As for this blog’s mission, should we focus on acquiring the sociological status of “philosophers”, beside continuing to focus on understanding Indian philosophy and trying to convey how interesting it is?

(cross-posted on my personal blog)

About elisa freschi

My long-term program is to make "Indian Philosophy" part of "Philosophy". You can follow me also on my personal blog: elisafreschi.com, on Academia, on Amazon, etc.

15 thoughts on ““But is Indian thought really philosophy?”

  1. Dear Elisa
    You are right to call attention to the sociological perception of Indian philosophy. But I’d rephrase your point about Jonardan or others who have a role as public intellectuals, to mitigate the sense of tension that may inadvertently have appeared in your phrasing: more than with hegemonic fields (like European history or American politics), you can seem like an Indian philosopher only through writing as one; so the content of writing has to be present, even if its technicality is within the reach of a narrow range of reviewers (and therefore there have to be more accessible versions, e.g., ‘philosophy without gaps’, etc.). Of course you don’t mean that content doesn’t matter. But the relationship you are talking about presumably goes from having the content to asking how the act of creating that content is an integral part of the larger project of opening up philosophy.

    • Dear Ram, yes, thanks for pointing it out: by no means did I mean to say that the content is not important. I was just surprised to see clearly stated the reason why decades of excellent content produced by people like you have not yet been enough to convince many of our colleagues.
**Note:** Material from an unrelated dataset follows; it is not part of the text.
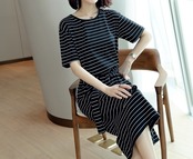ボーダー柄で大人カジュアルに着こなせるミディ丈ワンピース。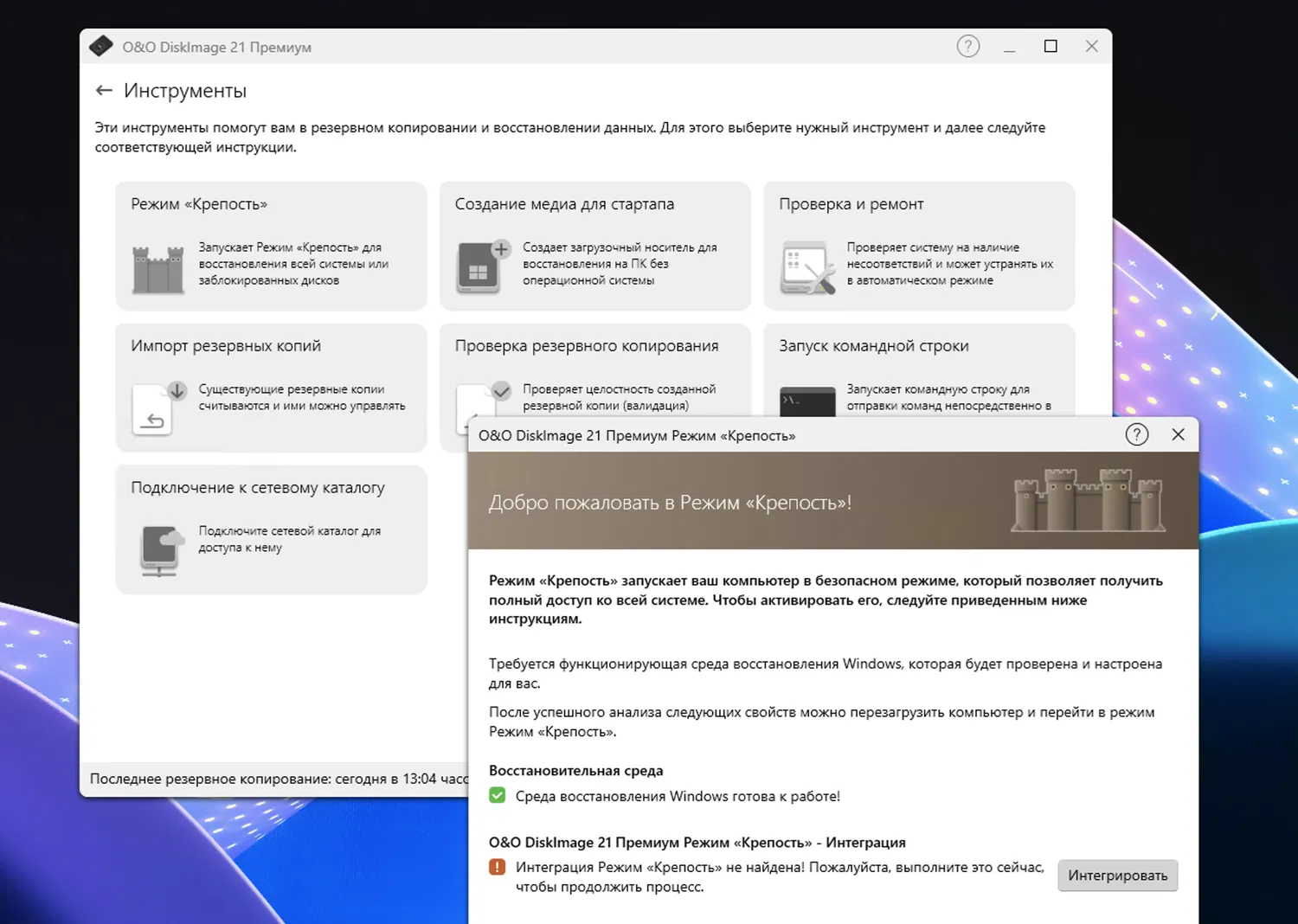 Уникальный Режим «Крепость» (Fortress Mode<) запускает DiskImage в изолированной среде Windows, что обеспечивает:

      • Thank you. Well, we are all tempted to think of the old adage that you can lead the horse to the water but cannot make it drink…
        Your ‘sociological turn’ in the perennial question of Indian philosophy within uninflected philosophy, leads us away from the subject as such, I suppose, to a consideration of the cultural manifestations of historical institutions of knowledge, and practices of identity. That is, we have to find something more helpful than finding a certain sort of limiting prejudice masquerading as intellectual judgement in the resistance to Indian thought in the western global academy and public. Is it something quite general about how hegemonies of discourse and self-representation take much longer to wane than open expressions of contempt or denial? We seem to move away here from what we do to looking at the cultural world in which we live. What sort of intellectual programme can we undertake here?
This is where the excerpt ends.